Today, the Internal Revenue Service has announced that interest rates for the second half of 2014 are to be the same.
In essence, the interest rates for the calender quarter starting on 1sr April 2014 are now unchanged from before.
The rates released by the IRS are:
- 3 percent interest for over-payments (this is 2 percent interest in the case of corporations)
- 3 percent interest for under-payments
- 5 percent interest for corporate under-payments that are large
- 0,5 percent interest for corporate over-payments that exceed $10,000
The Internal Revenue Code states a quarterly determination of the interest rate.
For general tax payers who are not corporates, both the over and under payment interest rates are applicable on the basis of the federal short term rate plus 3 percentage points.

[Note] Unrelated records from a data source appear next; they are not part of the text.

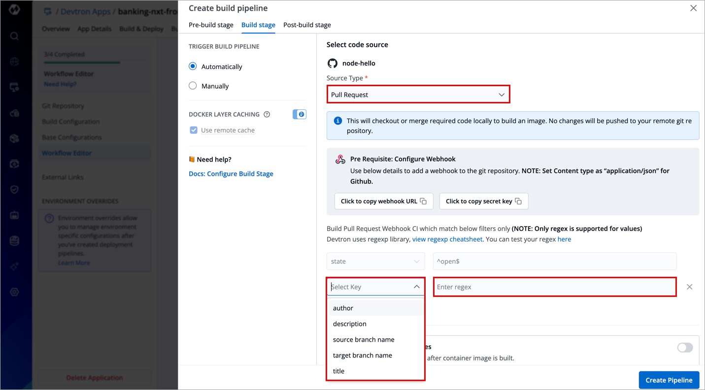When using Pull Request as a source type, Devtron allows you to filter which PRs should trigger a build using the following filters
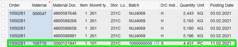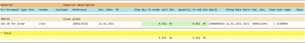 Or from there to documented goods movements:
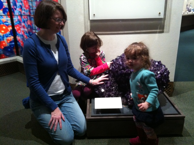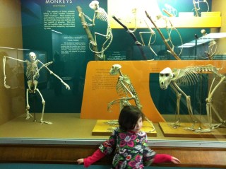 Egyptian artifacts around the corner, past the insects, which Claire quickly bypassed because she was creeped out. Claire was fascinated that the Egyptian mummies were real people from long ago. She was a little bit surprised that mummies were actually real, perhaps thinking they fell into the not-so-real realm of fairies and ghosts. Kit got Claire a kids’ book about ancient Egypt from the museum store before we left, and it quickly turned into Claire’s favorite new book. Claire also loved the animal skeletons, especially the monkeys since those are her class mascot at school. And she loved the gems, rubies, and diamonds exhibit. She also liked the dinosaurs a lot. Basically, Claire loved the National Museum of Natural History, as did we all. Molly liked the museum too, most of all when we let her out of the stroller to walk around on her own. She seemed to like the skeletons best of all.
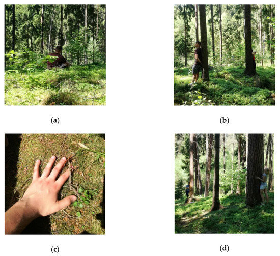 Activities undertaken during a forest recreation intervention: (a) Listening to the sounds of the forest; (b) viewing the forest; (c) touching forest items; (d) cuddling up to a tree. All photos provided by F. Ordon.

Similarly, in the case of corporations, the under-payment interest rate is the federal short term rate plus 3 percentage points, while it is the federal short term rate plus 2 percentage points for over-payment interest.
For large corporate under-payments, the IRS has determined the interest rate to be the federal short term rate plus 5 percentage points, while it is the federal short term rate plus 0,5 percentage points in the case of large corporate over-payments, namely those exceeding $10,000.
This same announcement is expected to appear shortly in the Revenue Ruling 2014-11 and the Internal Revenue Bulletin 2014-14, dated 31st March 2014.
Today’s interest rate announcement is computed on the basis of the short term federal rate that was determined in January 2014, to prevail from 1st February 2014. This is on the basis of a daily computation.